→ Exercise: An exact copy is needed of the lines in the entries below from the line with "را تأمین میکند." up to and including the line with "Keep track of", and of nothing else. Leave the pictures out.

→ Data for the task:
****
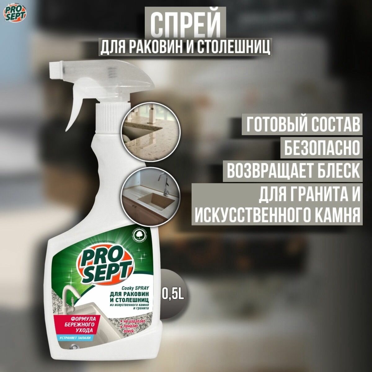 Чистящий спрей Prosept COOKY Spray для столешниц и раковин из искусственного камня и гранита, 500 мл
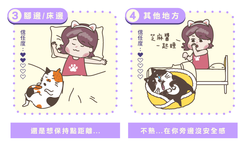 貓咪:「呃…在你旁邊沒甚麼安全感,自己睡比較自在。」
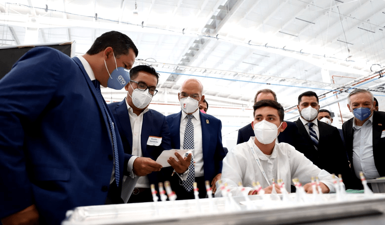 El alcalde Javier Mendoza Márquez reconoció el reconoció el esfuerzo y la perseverancia de los directivos Peter Broer, CEO y Fundador de Lumitex, y Paul Karon, CEO y Fundador de Entrada Group de México, por iniciar operaciones en plena pandemia e incluso tener un crecimiento en la producción.
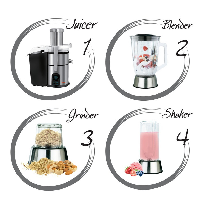 • موتور ۸۰۰ وات قدرت لازم برای آبگیری انواع میوهها را تأمین میکند.
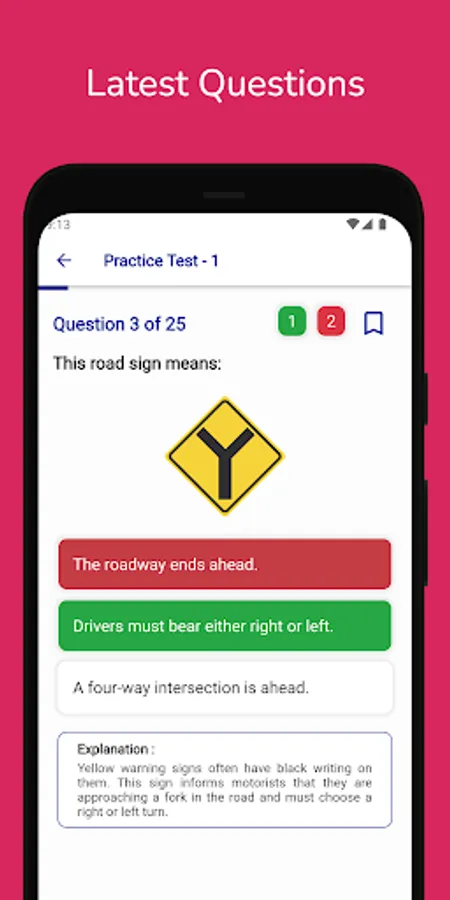 Keep track of your performance on practice exams. The practice test has a lot of questions to help you get ready for your driving, motorcycle, and CDL license exams. simple, uncluttered user interface.
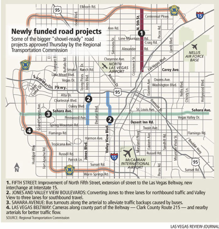 Other major projects include constructing Galleria Drive in Henderson from Boulder Highway to Burns Avenue, extending North Fifth Street to the Las Vegas Beltway and widening Las Vegas Boulevard between U.S. Highway 95 and Owens Avenue.
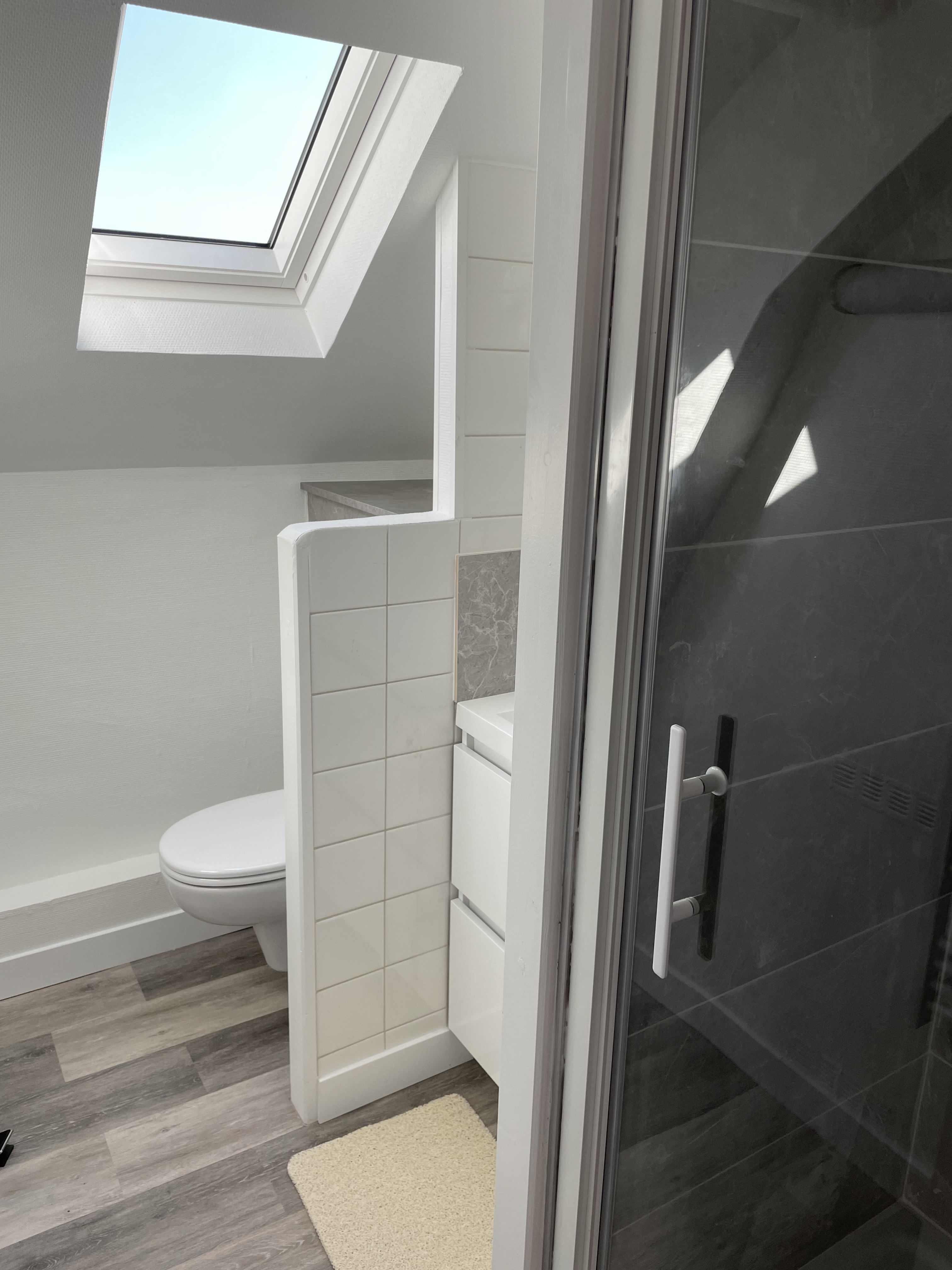 *SALLE D'EAU/WC (Sol : parquet / Murs : faïence et peinture) vasque, meuble sous vasque, miroir, radiateur sèche-serviettes, WC suspendu, poubelle de salle de bains, belle cabine de douche avec paroi vitrée.
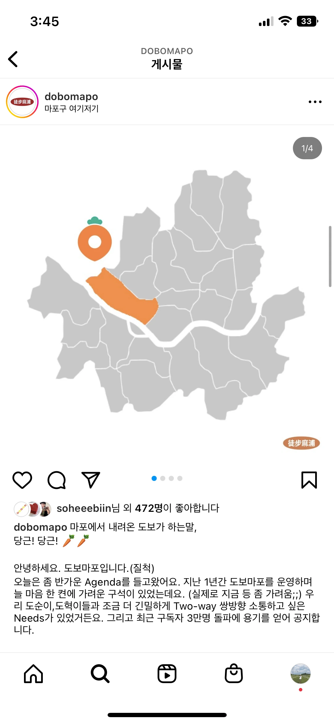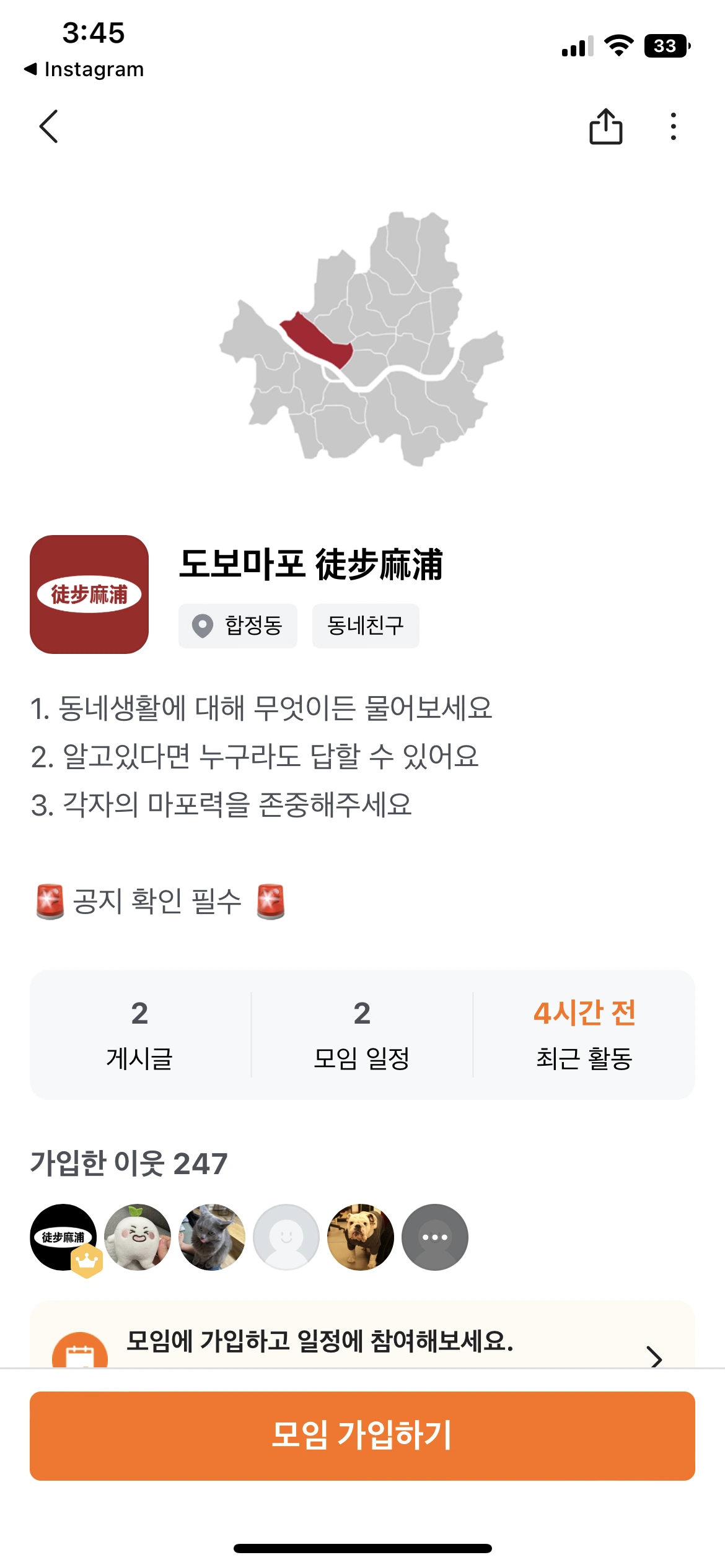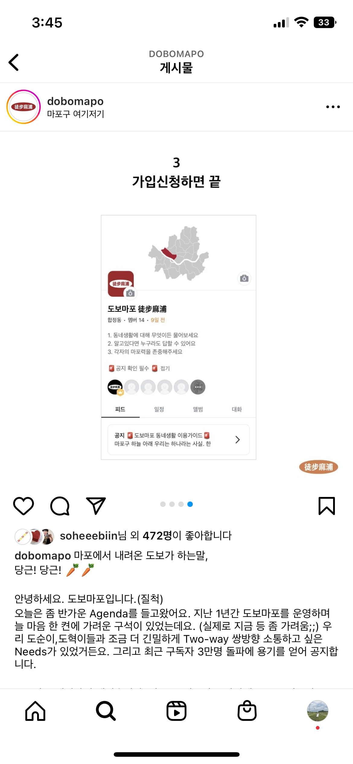 성수 로컬 이야기를 전해주는 제레 님(@zele._. park)을 시작으로 각 지역마다 로컬 큐레이터들이 인기다. 마포에서 주로 활동하는 도보마포(@dobomapo)도 그중 유명한 로컬 인플루언서. 보통 카카오톡 오픈 채팅방을 여는 추세지만, 도보마포는 당근마켓과 협업해 당근마켓 안에 모임을 열었다. 다른 오픈 채팅방과 다른 점은 당근마켓 지역 인증을 해야만 모임에 가입할 수 있다는 점. 찐 지역민들이 모인 커뮤니티라 정보 공유의 질과 양이 남다를 것 같고, 당근마켓과 도보마포가 서로 윈윈할 수 있는 콜라보레이션 같다.
****
→ Output for this exercise:
 • موتور ۸۰۰ وات قدرت لازم برای آبگیری انواع میوهها را تأمین میکند.
 Keep track of your performance on practice exams. The practice test has a lot of questions to help you get ready for your driving, motorcycle, and CDL license exams. simple, uncluttered user interface.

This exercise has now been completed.